Records excerpted from a collection
.....
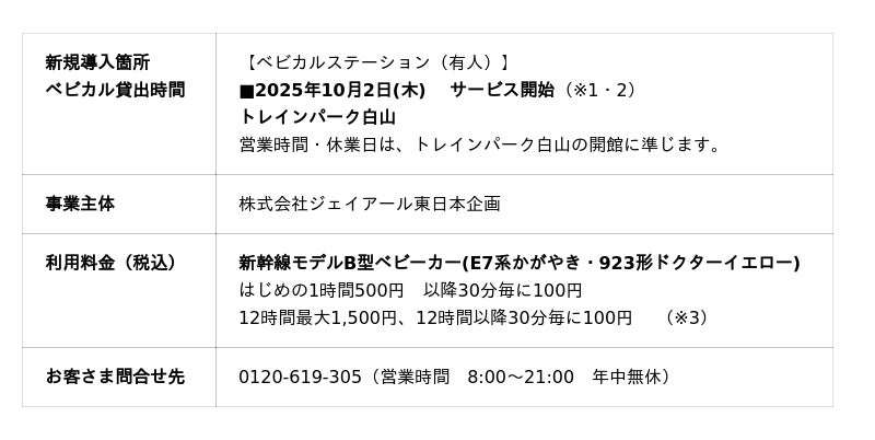 ○この度、10月2日より北陸新幹線の車両基地である白山総合車両所に隣接した体験型施設「トレインパーク白山」でベビーカーのレンタルサービスを開始いたします。ベビーカーは、お子さまに大人気の新幹線モデルベビーカー(B型)を貸出いたします。
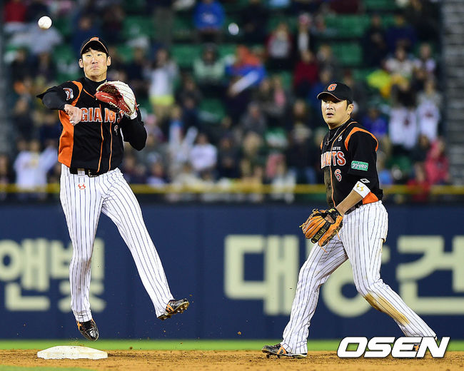 7회말 두산 공격 1사 1, 3루 상황 칸투의 내야수 얕은 뜬공을 롯데 오승택이 원바운드로 잡아내 1루로 공을 뿌리고 있다. 원바운드로 공을 잡은 오승택은 바로 2루를 밟아 포스아웃 시킨 뒤 1루로 공을 뿌려 더블플레이를 완성했다.
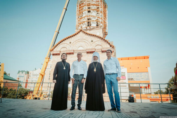 Члены Симбирского отделения ИППО приняли участие в установке купола и креста храма во имя Симбирских святых
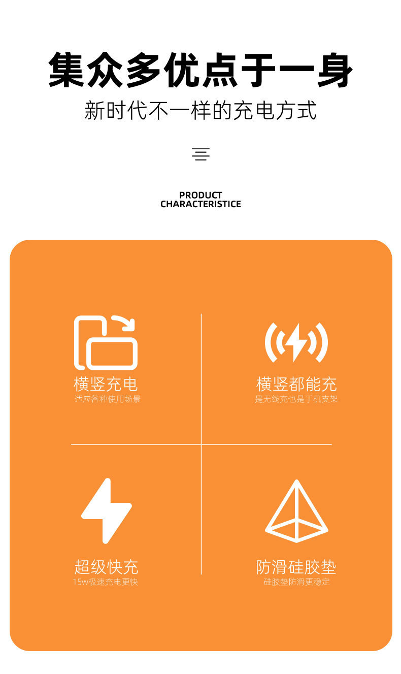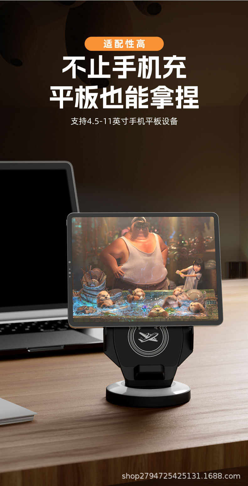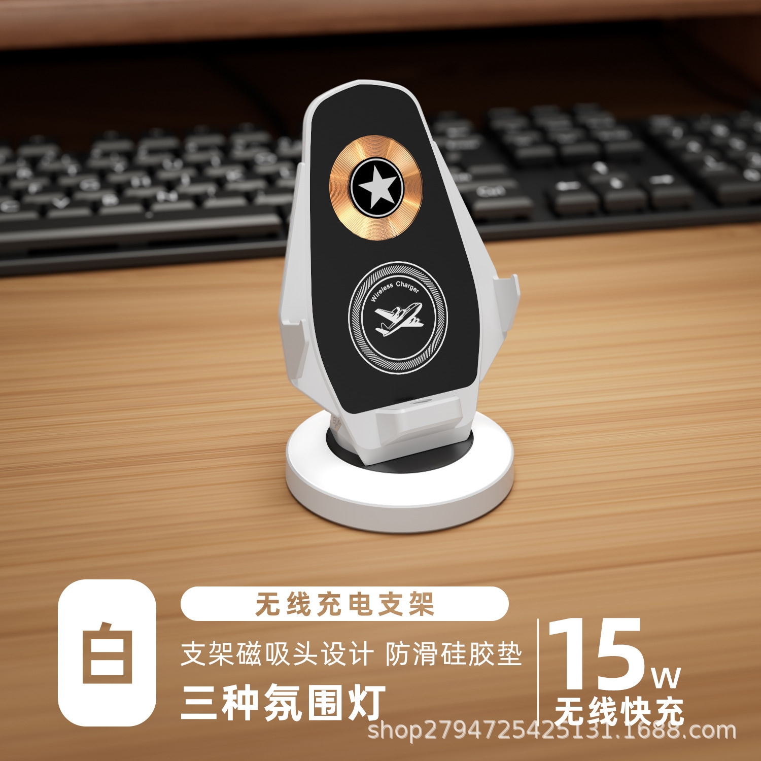 15W 데스크탑 수직 무선 충전 휴대 전화 홀더 보편적 인 분위기 빛 게으른 빠른 충전 공장 재고 공급스토어 가기
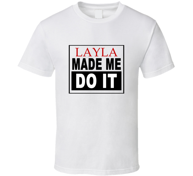 Order your very own Layla Made Me Do It Cool Retro T Shirt. It won’t be around forever so buy yours here today! Shop our huge selection of high quality, graphic apparel. Each design is offered on a variety of sizes and styles including; t shirts, hoodies, aprons and even baby one-pieces! This product is pre-treated to ensure quality and longevity of the graphic.
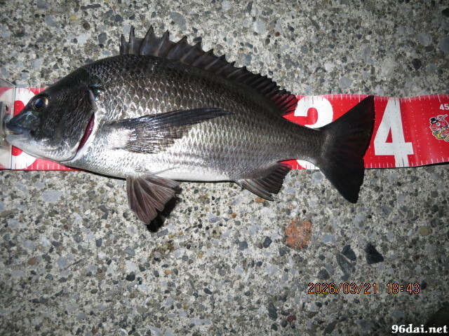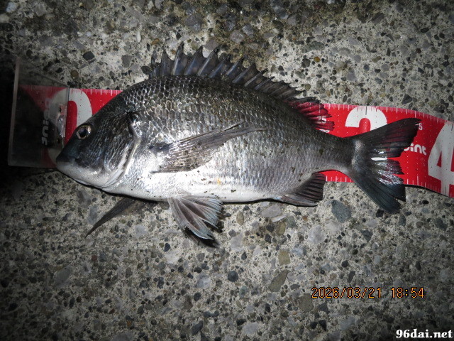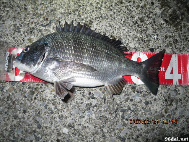 気配なし時間が続き、南寄りの風とはいえ、未だ夜の海は寒く、納竿が頭をよぎったが続けていたら19:45 明解なアタリで合せてヒット!同じようなサイズの36cm。今度は鱗が銀ピカ、腹ボテ、春の乗っ込み黒鯛でした。
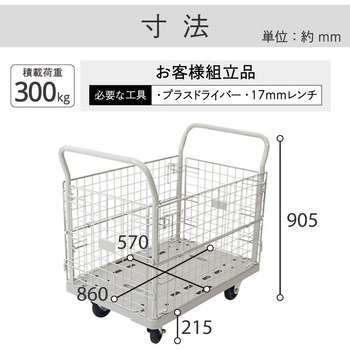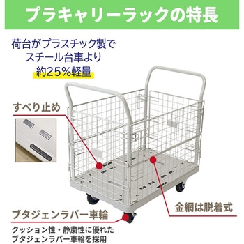 不定形、不安定物の運搬、一時保管に、安全で効率的な作業をお手伝い。ペダル式フットブレーキシステムを採用。金網は脱着式です。荷台がプラスチック製でスチール台車より約25%軽量です。タイヤはクッション性静粛性耐候性に優れたブタジェンラバー(BR)を採用しています。
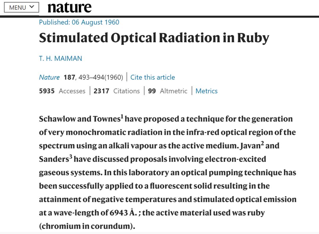 论文:红宝石中的受激光辐射(Stimulated Optical Radiation in Ruby)
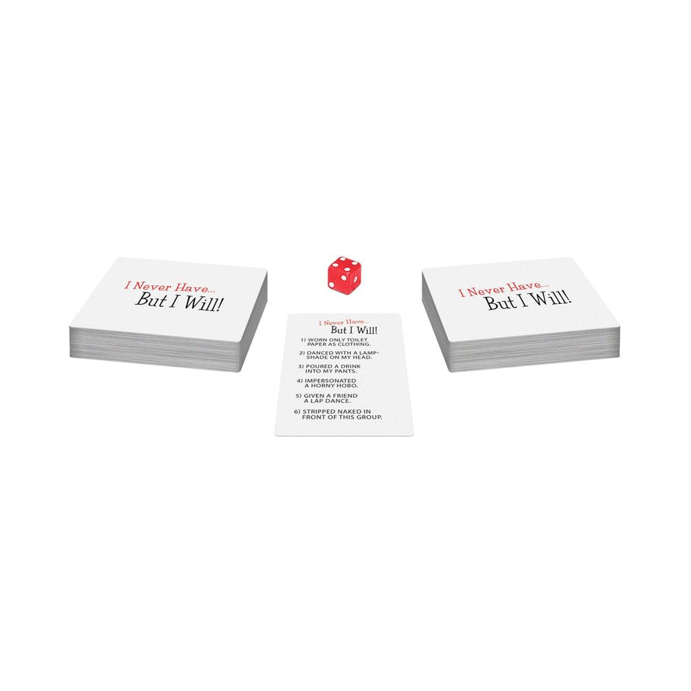The crass party game with over 600 dares! After an I Never Have statement is made, players indicate who of them have never done the action. The first of these players who announces, But I Will then acts out the dare and earns the card as a point. Play for points or as a drinking game. Includes: a die and 100 dare cards.
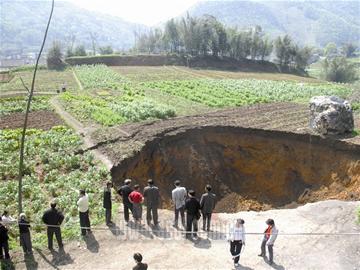 2008年3月25日凌晨,宜賓江安縣紅橋鎮(zhèn)五閣村發(fā)生了局部地面塌陷,形成大小不等的3個(gè)巨型“天坑”,呈直線展開,長(zhǎng)約400米。塌陷嚴(yán)重威脅到附近的11家住戶57人。險(xiǎn)情發(fā)生后,江安縣委、縣政府及當(dāng)?shù)丶t橋鎮(zhèn)政府立即緊急疏散塌陷影響區(qū)域內(nèi)的居民,并對(duì)“天坑”實(shí)施24小時(shí)的臨時(shí)警戒,防止意外事故發(fā)生。截至昨日,國(guó)土資源部門的地質(zhì)專家現(xiàn)場(chǎng)查勘得出的初步結(jié)論是:該地面塌陷是因?yàn)榈叵氯芏匆l(fā)的小型巖溶塌陷,是自然形成的地質(zhì)災(zāi)害;進(jìn)一步的結(jié)論及處置措施待觀察3—5天后再定。
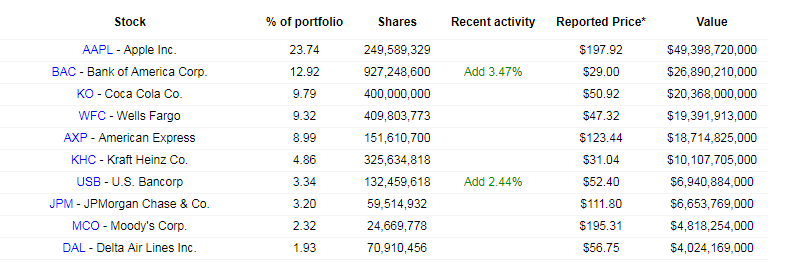 伯克希尔·哈撒韦公司(Berkshire Hathaway)二季度的美股持仓情况
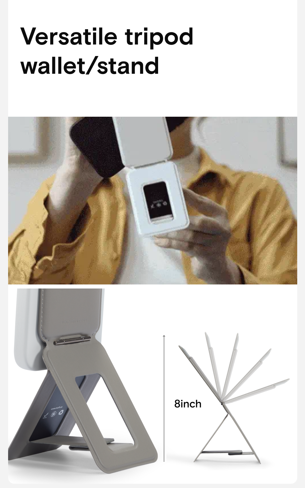 - Tripod Wallet: 3.8*2.5*0.36 in/96.5*63.5*9.04 mm
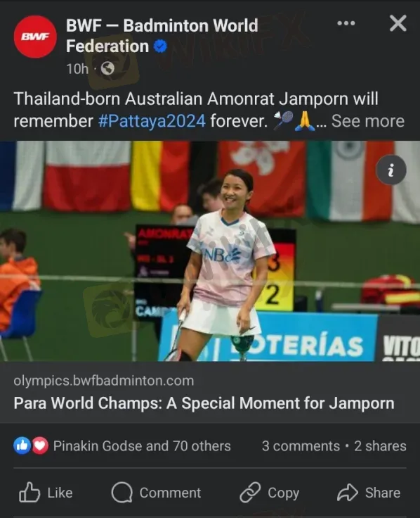 恭喜代表澳大利亚的残奥会选手Nid Jamporn在NSDF Royal Beach Cliff BWF Para Badminton World Championships 2024 SL组女子单打比赛中夺得胜利。在这场充满激情和竞争的SL3(下肢损伤组)比赛中,Nid展现了卓越的球技和顽强的毅力,成功地为自己赢得了这一场比赛。BCR作为赞助商,我们为Nid的精彩表现感到无比自豪和高兴。她所展现出的决心、勇气和不屈不挠的精神是我们深深敬佩的。在面对种种困难和挑战时,Nid从未动摇过,始终坚持自己的目标和梦想。这种坚韧不拔的态度与BCR近17年来的企业理念——坚信无限可能性(Boundless)、怀有坚定的信心(Confident)以及相互信赖与尊重(Respected)完美契合。
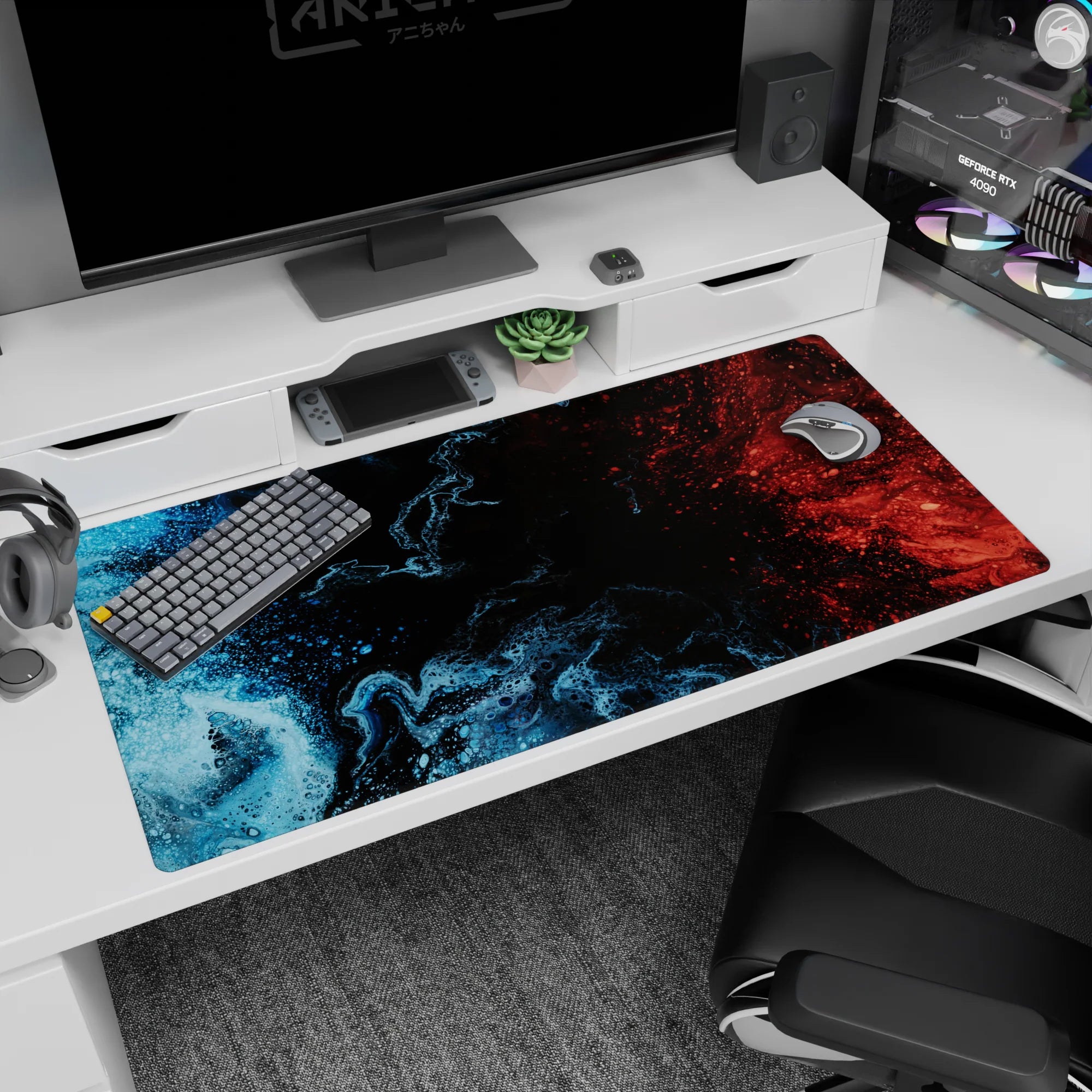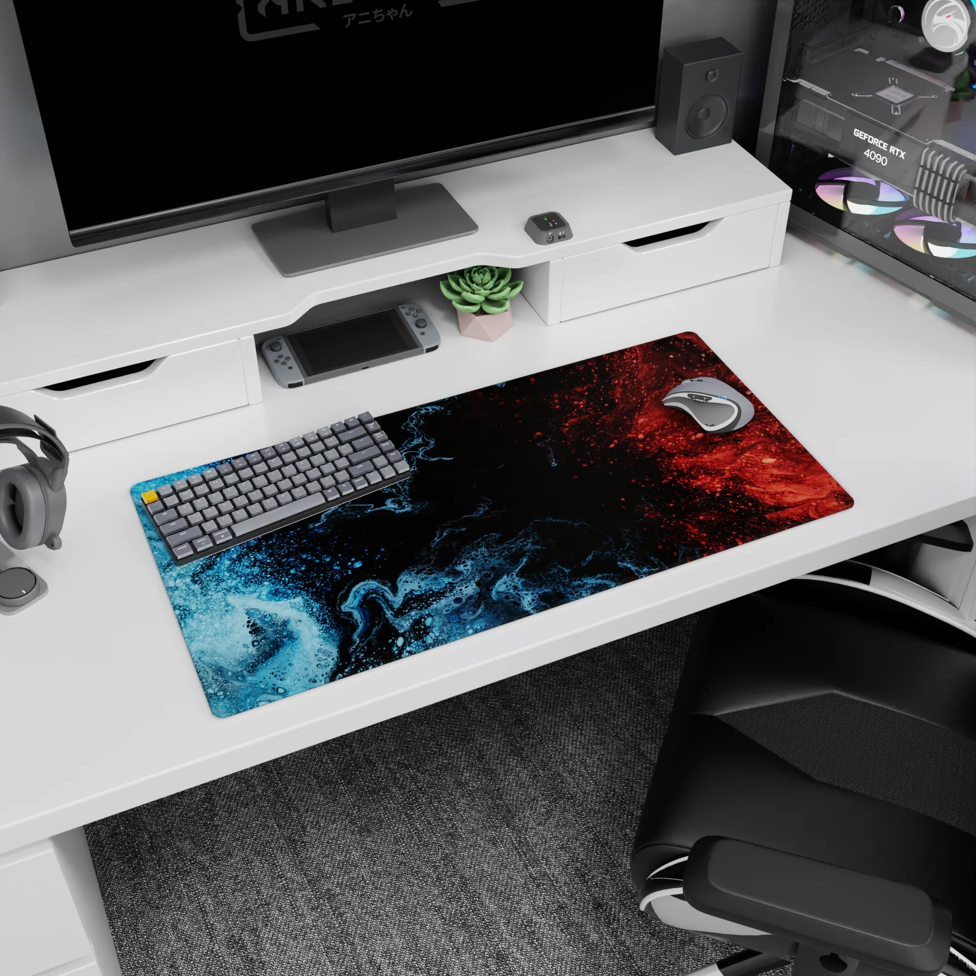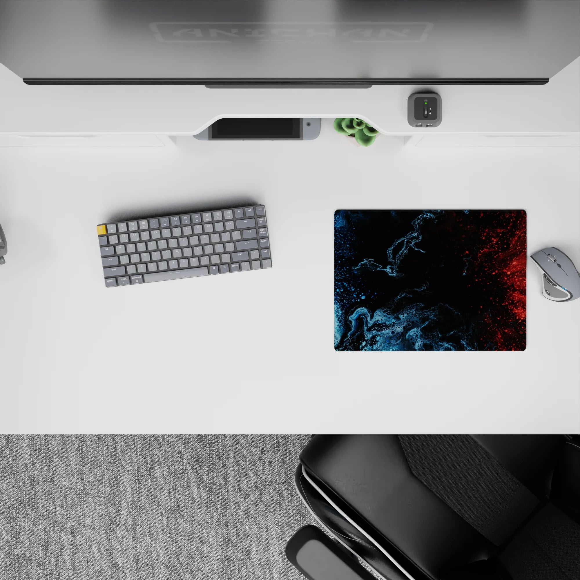 Order your Liquid Abstract Deskmat | Mousepad | Deskpad - Orange-Blue Wave now, and refresh your setup today!
.....
» **Directions for this task**
In your copy, every entry above must match word for word, and no picture may appear.

» **Solution for this problem**
 ○この度、10月2日より北陸新幹線の車両基地である白山総合車両所に隣接した体験型施設「トレインパーク白山」でベビーカーのレンタルサービスを開始いたします。ベビーカーは、お子さまに大人気の新幹線モデルベビーカー(B型)を貸出いたします。
 7회말 두산 공격 1사 1, 3루 상황 칸투의 내야수 얕은 뜬공을 롯데 오승택이 원바운드로 잡아내 1루로 공을 뿌리고 있다. 원바운드로 공을 잡은 오승택은 바로 2루를 밟아 포스아웃 시킨 뒤 1루로 공을 뿌려 더블플레이를 완성했다.
 Члены Симбирского отделения ИППО приняли участие в установке купола и креста храма во имя Симбирских святых
 15W 데스크탑 수직 무선 충전 휴대 전화 홀더 보편적 인 분위기 빛 게으른 빠른 충전 공장 재고 공급스토어 가기
 Order your very own Layla Made Me Do It Cool Retro T Shirt. It won’t be around forever so buy yours here today! Shop our huge selection of high quality, graphic apparel. Each design is offered on a variety of sizes and styles including; t shirts, hoodies, aprons and even baby one-pieces! This product is pre-treated to ensure quality and longevity of the graphic.
 気配なし時間が続き、南寄りの風とはいえ、未だ夜の海は寒く、納竿が頭をよぎったが続けていたら19:45 明解なアタリで合せてヒット!同じようなサイズの36cm。今度は鱗が銀ピカ、腹ボテ、春の乗っ込み黒鯛でした。
 不定形、不安定物の運搬、一時保管に、安全で効率的な作業をお手伝い。ペダル式フットブレーキシステムを採用。金網は脱着式です。荷台がプラスチック製でスチール台車より約25%軽量です。タイヤはクッション性静粛性耐候性に優れたブタジェンラバー(BR)を採用しています。
 论文:红宝石中的受激光辐射(Stimulated Optical Radiation in Ruby)
The crass party game with over 600 dares! After an I Never Have statement is made, players indicate who of them have never done the action. The first of these players who announces, But I Will then acts out the dare and earns the card as a point. Play for points or as a drinking game. Includes: a die and 100 dare cards.
 2008年3月25日凌晨,宜賓江安縣紅橋鎮(zhèn)五閣村發(fā)生了局部地面塌陷,形成大小不等的3個(gè)巨型“天坑”,呈直線展開,長(zhǎng)約400米。塌陷嚴(yán)重威脅到附近的11家住戶57人。險(xiǎn)情發(fā)生后,江安縣委、縣政府及當(dāng)?shù)丶t橋鎮(zhèn)政府立即緊急疏散塌陷影響區(qū)域內(nèi)的居民,并對(duì)“天坑”實(shí)施24小時(shí)的臨時(shí)警戒,防止意外事故發(fā)生。截至昨日,國(guó)土資源部門的地質(zhì)專家現(xiàn)場(chǎng)查勘得出的初步結(jié)論是:該地面塌陷是因?yàn)榈叵氯芏匆l(fā)的小型巖溶塌陷,是自然形成的地質(zhì)災(zāi)害;進(jìn)一步的結(jié)論及處置措施待觀察3—5天后再定。
 伯克希尔·哈撒韦公司(Berkshire Hathaway)二季度的美股持仓情况
 - Tripod Wallet: 3.8*2.5*0.36 in/96.5*63.5*9.04 mm
 恭喜代表澳大利亚的残奥会选手Nid Jamporn在NSDF Royal Beach Cliff BWF Para Badminton World Championships 2024 SL组女子单打比赛中夺得胜利。在这场充满激情和竞争的SL3(下肢损伤组)比赛中,Nid展现了卓越的球技和顽强的毅力,成功地为自己赢得了这一场比赛。BCR作为赞助商,我们为Nid的精彩表现感到无比自豪和高兴。她所展现出的决心、勇气和不屈不挠的精神是我们深深敬佩的。在面对种种困难和挑战时,Nid从未动摇过,始终坚持自己的目标和梦想。这种坚韧不拔的态度与BCR近17年来的企业理念——坚信无限可能性(Boundless)、怀有坚定的信心(Confident)以及相互信赖与尊重(Respected)完美契合。
 Order your Liquid Abstract Deskmat | Mousepad | Deskpad - Orange-Blue Wave now, and refresh your setup today!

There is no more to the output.